Figure 1 displays the associations between 35 PGIs and all-cause mortality for the population analysis and within-sibship analysis samples. In the population analysis, PGIs that showed the strongest associations with mortality were ever smoking (hazard ratio [HR] per 1 SD larger PGI =1.12, 95 per cent confidence interval [95%CI]= 1.09;1.15), self-rated health (HR=0.90, 95%CI 0.88;0.93), BMI (HR=1.10, 95%CI 1.07;1.13), educational attainment (HR=0.91, 95%CI 0.89;0.94), depressive symptoms (HR=1.07, 95%CI 1.04;1.10), and drinks per week (HR=1.06, 95%CI 1.04;1.09). Most studied PGIs had negligible associations with mortality, as 18 PGIs had HRs between 0.98 and 1.02.

Hazard ratios of polygenic indices for all-cause mortality.

Population and within-sibship estimates. Note: Estimates from Cox proportional hazards models adjusted for indicators for the baseline year, sex and 10 first principal components of the genome. Capped bars are 95% confidence intervals. For a table of corresponding estimates, see Supplementary table S5. Abbreviations: HR=Hazard ratio; ADHD= Attention deficit hyperactivity disorder.

Although confidence intervals overlapped with regards to every individual PGI except extraversion, on average within-sibship analysis had marginally larger associations than the population analysis (inverse-variance-weighted mean absolute log HR was 0.023, 95%CI 0.005;0.042 larger in within-sibship than population analyses).
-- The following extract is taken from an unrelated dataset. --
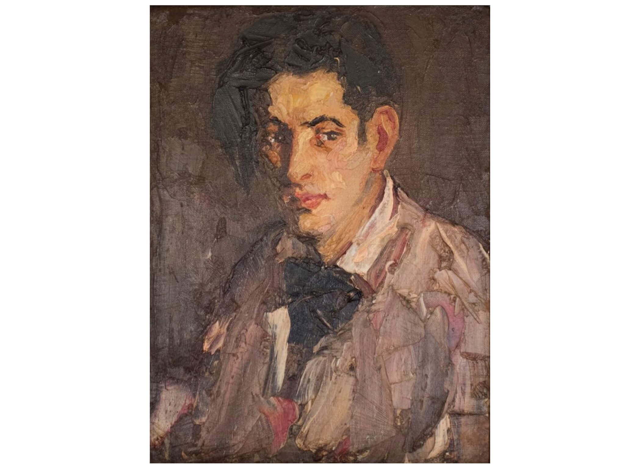 Along the Charles River, Watertown’s thriving manufacturing industry promised opportunity for immigrants and became a developed community for those fleeing the Armenian Genocide. In 1920, Arshile Gorky, still referred to by his birth name Vostanik Manoug Adoian, arrived in the US with his sister Vartoosh Mooradian and settled in Watertown, reconnecting with relatives. Straying from societal norms and the expectations of his family, Gorky was dissatisfied with factory work and wanted to pursue a career as an artist. He achieved his dream by enrolling in classes at the newly founded New England School of Art and studying the old masters at the Museums of Fine Arts, Boston. His earliest models included friends, family, and himself, as demonstrated in Self-Portrait (1923–24), an early surviving work painted in Watertown. The artist rendered himself in a subdued palette, emphasizing texture through thick, layered brushstrokes across his jacket and shirt collar, while sweeping, gestural marks articulate facial features such as the bridge of his nose. His averted gaze evokes a sense of introspection. From his formative stages, the artist demonstrated a technical command of the medium.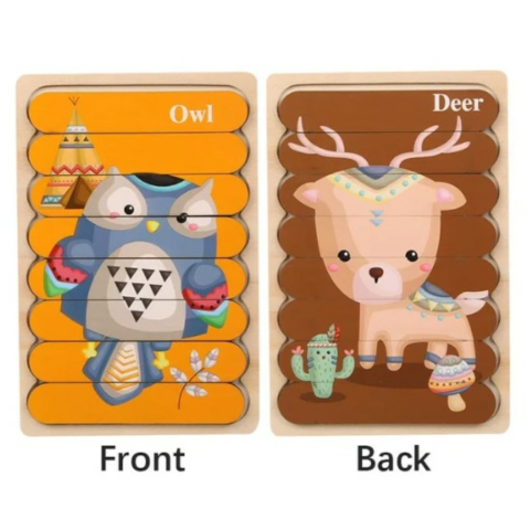 Fa puzzle csíkok - kétoldalas - Szarvas és bagoly

In within-sibship analysis, PGI of BMI had the strongest association with mortality (HR=1.22, 95%CI 1.10;1.36).

Figure 2 presents PGI-mortality associations by sex, education, age, and cause of death. Overall, men had slightly stronger PGI-mortality associations (Panel A; inverse-variance-weighted mean absolute log HR was 0.013, 95%CI 0.005;0.022 larger among men). The largest sex difference was observed for PGI of ADHD (HR=1.08 95%CI 1.04;1.11 among men; HR=1.01 95%CI 0.97;1.05 among women; p=0.012 for difference). The HRs in Panel B indicate no evidence for heterogeneous associations by educational level. Panel C analyses morality in three age-specific follow-up periods. The PGIs were more predictive of death in younger age groups, although the difference between 25–64 and 65–79 age groups was small, except for PGI of ADHD (HR=1.14 95%CI 1.08;1.21 for 25–64-year-olds; HR=1.04 95%CI 1.00;1.08 for 65–79-year-olds; p=0.008 for difference). PGIs predicted death only negligibly among those aged 80+.
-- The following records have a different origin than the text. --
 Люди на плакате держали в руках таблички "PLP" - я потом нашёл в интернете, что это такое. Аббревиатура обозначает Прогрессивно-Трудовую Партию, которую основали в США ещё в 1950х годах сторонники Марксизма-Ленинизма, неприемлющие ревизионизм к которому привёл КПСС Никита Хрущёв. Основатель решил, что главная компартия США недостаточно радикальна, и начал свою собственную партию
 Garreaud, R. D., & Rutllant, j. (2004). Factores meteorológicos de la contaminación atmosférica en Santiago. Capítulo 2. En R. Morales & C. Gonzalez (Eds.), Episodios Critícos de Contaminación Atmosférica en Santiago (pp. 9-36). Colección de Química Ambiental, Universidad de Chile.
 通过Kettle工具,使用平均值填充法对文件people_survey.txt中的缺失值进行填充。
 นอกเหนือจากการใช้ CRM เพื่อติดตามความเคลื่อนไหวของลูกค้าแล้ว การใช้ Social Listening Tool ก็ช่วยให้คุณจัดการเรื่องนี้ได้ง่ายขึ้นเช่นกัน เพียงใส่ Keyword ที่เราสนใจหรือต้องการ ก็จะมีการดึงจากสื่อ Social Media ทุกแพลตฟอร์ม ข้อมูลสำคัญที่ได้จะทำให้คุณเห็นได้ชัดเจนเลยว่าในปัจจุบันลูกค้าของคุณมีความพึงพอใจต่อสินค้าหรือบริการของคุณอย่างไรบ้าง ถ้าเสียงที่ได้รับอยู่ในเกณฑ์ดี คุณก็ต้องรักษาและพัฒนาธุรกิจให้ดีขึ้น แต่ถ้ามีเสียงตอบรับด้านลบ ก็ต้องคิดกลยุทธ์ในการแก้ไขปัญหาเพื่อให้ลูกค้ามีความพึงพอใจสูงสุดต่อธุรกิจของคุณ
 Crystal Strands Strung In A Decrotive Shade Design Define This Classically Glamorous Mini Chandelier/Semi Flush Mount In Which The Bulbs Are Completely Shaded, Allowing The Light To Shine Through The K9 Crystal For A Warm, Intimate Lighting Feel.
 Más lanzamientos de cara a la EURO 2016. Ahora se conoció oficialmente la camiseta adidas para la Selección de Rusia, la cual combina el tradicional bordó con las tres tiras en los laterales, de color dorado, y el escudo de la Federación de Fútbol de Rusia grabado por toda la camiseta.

Hazard ratios of polygenic indices for all-cause mortality by sex (Panel A), educational group (Panel B), age-specific mortality follow-up period (Panel C), and cause of death (Panel D).

Note: Estimates from Cox proportional hazards models adjusted for indicators for the baseline year, sex and 10 first principal components of the genome. Capped bars are 95% confidence intervals. For a table of corresponding estimates, see Supplementary table S6. Abbreviations: HR=Hazard ratio; ADHD= Attention deficit hyperactivity disorder.

Panel D displays that most PGIs had stronger associations with external (accidents, violent, suicide and alcohol related deaths) than natural causes of death. For external causes, strongest associations were observed for PGI for drinks per week (HR=1.16, 95%CI 1.07;1.26), depressive symptoms (HR=1.15, 95%CI 1.06;1.25), educational attainment (HR=0.88, 95%CI 0.81;0.95) and ADHD (HR=1.14, 95%CI 1.05;1.23). Twelve PGIs had HRs ≥1.1 (drinks per week, depressive symptoms, cigarettes per day, ADHD, alcohol misuse, ever smoker, risk tolerance) or ≤0.9 (cannabis use, self-rated health, religious attendance, age at first birth and educational attainment) per 1 SD difference in PGI, whereas only three PGIs had HRs ≥1.1 or ≤0.9 for natural causes of death (ever smoking, body mass index and self-rated health). HRs of natural causes of death followed similar patterns as all-cause mortality, which was expected, as they constituted 90% of all observed deaths.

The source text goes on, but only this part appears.